P- Yeah, my girlfriend overheard a conversation between two
guys on the bus the other day, where one was telling the other
how he hates it when a musician tries to get all political,
its just a song. She was struggling not to light into
this guy.
AP- Thats what art is for, to use it as a
vehicle to get that social message out. I think it is very important.
You really interact with society that way. I think its positive.
Film makers, musicians, visual artists, performance artists, all
can be positive in using their art to promote social change.
P- So whats the deal with the new anti-art
policies in the NY State prison system? Why do you think they
were initiated, and do you think it a smart move to stifle positive
creativity in people locked in cages?
AP- On March 29, 2002, Glen Goord, the Commissioner
of Corrections for NY State made a declaration where he prohibited
the sale of art by prisoners, doing away with a yearly art show,
the Correction On Canvas exhibit that was in existence for 35
years in the NY State prison system. Every year prisoners had
the opportunity to show and sell their work at this exhibit that
was run by the State Senate and the Department of Corrections
in the legislative office building in Albany. Fifty percent of
the proceeds went to crime victims.
P- To a crime victims fund, or to those specific individuals
hurt by the artist/criminals?
AP- A crime victims fund. What happened was
that Goord made a statement that it wasnt worth the anguish
that crime victims would feel for the little money that they raised
through the show, allowing prisoners to profits from their art.

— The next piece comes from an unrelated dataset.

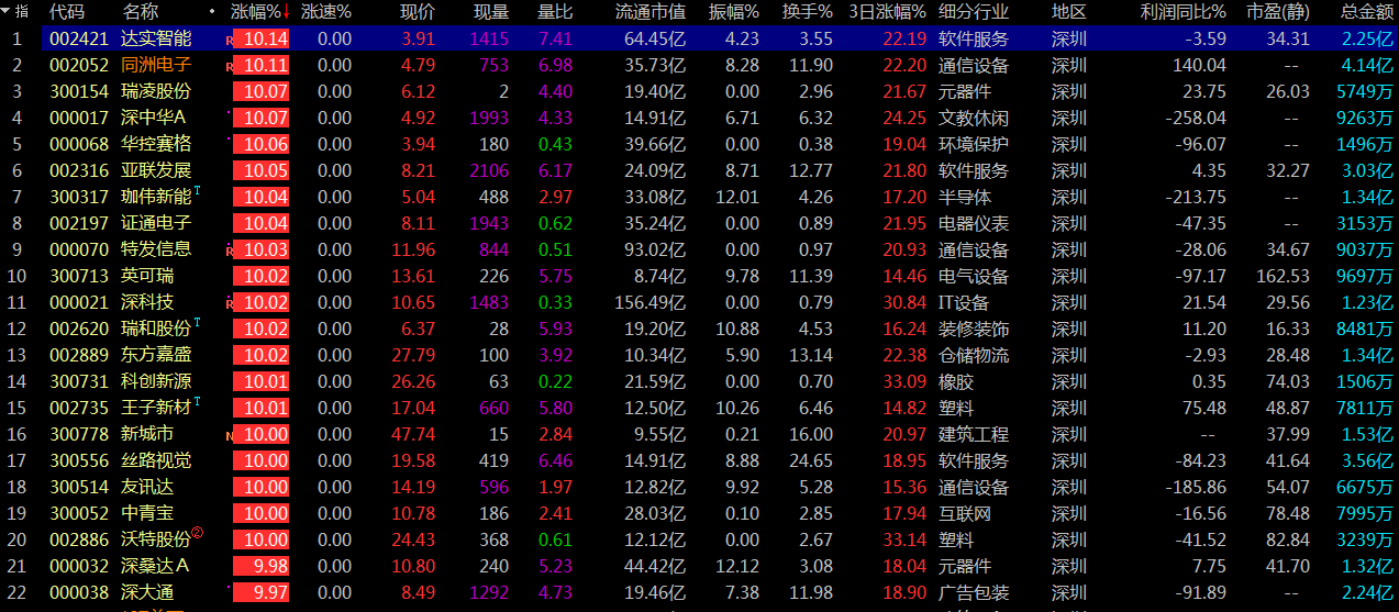 前日大面積普漲后,深圳本地股昨日總體表現(xiàn)強勢,板塊內(nèi)31只股票漲停,在漲停股中占據(jù)一半數(shù)量。

Behind the scenes it was a political issue that started when Pataki
took office in 1995. At that time 100 percent of the profits went
to the prisoners, so an agreement was worked out where 50 percent
of the money raised would go to a crime victims. It worked for
almost 7 years, but last year, a mass murderer who killed something
like 11 prostitutes and chopped up their bodies was allowed to
show his work in the annual show that is run by the State Senate
and the Corrections Dept. The Daily News got a hold of it and
blew it up into a big story. An assembly man from Schenectady
took hold of the issue and from there the politics went into overdrive.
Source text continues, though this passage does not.